Estamos por un lado convirtiendo el cambio climático en un punto fuerte en la agenda política oficial en Europa. Eso tiene unas implicaciones muy amplias: desde que está en trámite una ley de cambio climático –por fin–, hasta que un organismo de investigación como el CSIC considere que el cambio climático es una línea prioritaria de investigación a medio y a largo plazo.
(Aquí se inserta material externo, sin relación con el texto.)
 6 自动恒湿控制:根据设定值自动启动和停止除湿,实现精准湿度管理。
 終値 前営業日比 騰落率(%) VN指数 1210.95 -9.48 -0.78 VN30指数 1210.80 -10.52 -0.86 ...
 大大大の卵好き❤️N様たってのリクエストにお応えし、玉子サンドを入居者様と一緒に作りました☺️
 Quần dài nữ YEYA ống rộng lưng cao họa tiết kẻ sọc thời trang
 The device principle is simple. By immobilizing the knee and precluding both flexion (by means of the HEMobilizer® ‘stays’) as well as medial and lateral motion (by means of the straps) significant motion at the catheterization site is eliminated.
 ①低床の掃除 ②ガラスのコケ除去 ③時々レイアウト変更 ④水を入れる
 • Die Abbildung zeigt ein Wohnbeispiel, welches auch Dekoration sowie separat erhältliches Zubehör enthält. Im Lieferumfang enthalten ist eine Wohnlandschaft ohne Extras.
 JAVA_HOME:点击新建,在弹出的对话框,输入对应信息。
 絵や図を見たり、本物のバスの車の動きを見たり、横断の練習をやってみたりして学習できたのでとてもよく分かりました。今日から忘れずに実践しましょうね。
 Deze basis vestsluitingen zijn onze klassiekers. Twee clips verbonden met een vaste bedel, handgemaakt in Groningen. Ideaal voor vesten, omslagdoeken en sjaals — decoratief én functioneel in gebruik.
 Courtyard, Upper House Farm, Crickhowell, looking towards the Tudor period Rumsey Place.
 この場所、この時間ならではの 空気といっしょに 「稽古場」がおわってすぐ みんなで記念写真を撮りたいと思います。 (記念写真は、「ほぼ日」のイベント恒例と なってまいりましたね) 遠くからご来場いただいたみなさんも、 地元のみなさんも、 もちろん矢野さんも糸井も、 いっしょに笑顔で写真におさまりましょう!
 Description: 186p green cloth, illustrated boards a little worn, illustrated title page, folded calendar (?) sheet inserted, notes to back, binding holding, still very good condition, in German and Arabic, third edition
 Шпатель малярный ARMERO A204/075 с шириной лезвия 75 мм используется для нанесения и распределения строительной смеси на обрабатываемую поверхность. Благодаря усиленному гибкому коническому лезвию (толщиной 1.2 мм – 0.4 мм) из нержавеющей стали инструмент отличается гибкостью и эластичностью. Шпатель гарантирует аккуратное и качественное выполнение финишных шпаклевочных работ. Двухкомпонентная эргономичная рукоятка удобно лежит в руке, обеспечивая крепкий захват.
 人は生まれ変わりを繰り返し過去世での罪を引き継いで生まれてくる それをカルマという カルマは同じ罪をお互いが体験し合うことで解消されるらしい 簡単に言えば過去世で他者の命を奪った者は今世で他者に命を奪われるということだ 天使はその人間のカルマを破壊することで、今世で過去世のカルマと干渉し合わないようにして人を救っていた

El cambio climático se ha convertido en un problema social oficial y la sociedad está orientando sus instituciones a tratar de dar con una solución. Pero esto no significa que la solución que se vaya a dar esté apuntando en la dirección correcta, por los medios correctos y al ritmo correcto. Sin duda es una primera victoria, pero no es suficiente. El resultado dependerá ahora de cómo se desarrollen estas acciones, estas políticas públicas o estas líneas de innovación.
Lo que está claro es que el cambio climático ya es un tema del que ningún partido político puede escaquearse y que va a estar en las decisiones de presupuestos públicos, pero la pandemia ha generado una situación social compleja porque estamos en un momento muy difícil como para afrontar el lado difícil de la emergencia climática.
Es coyunturalmente un mal momento para la lucha climática, entre otras cosas porque la movilización está coartada por las propias características del confinamiento y de las restricciones para proteger la salud pública, pero también porque los imaginarios sociales están todavía muy impactados por el duelo y el drama que ha supuesto la pandemia. Hasta que no salgamos del asunto pandemia, va a ser difícil que el cambio climático vuelva a estar en el centro de la preocupación colectiva del modo en que por ejemplo lo estuvo en 2019. Lo cual es paradójico porque no hay mejor forma de recomponer nuestras economías y nuestros países que haciendo de la transición ecológica una columna vertebral de la reconstrucción.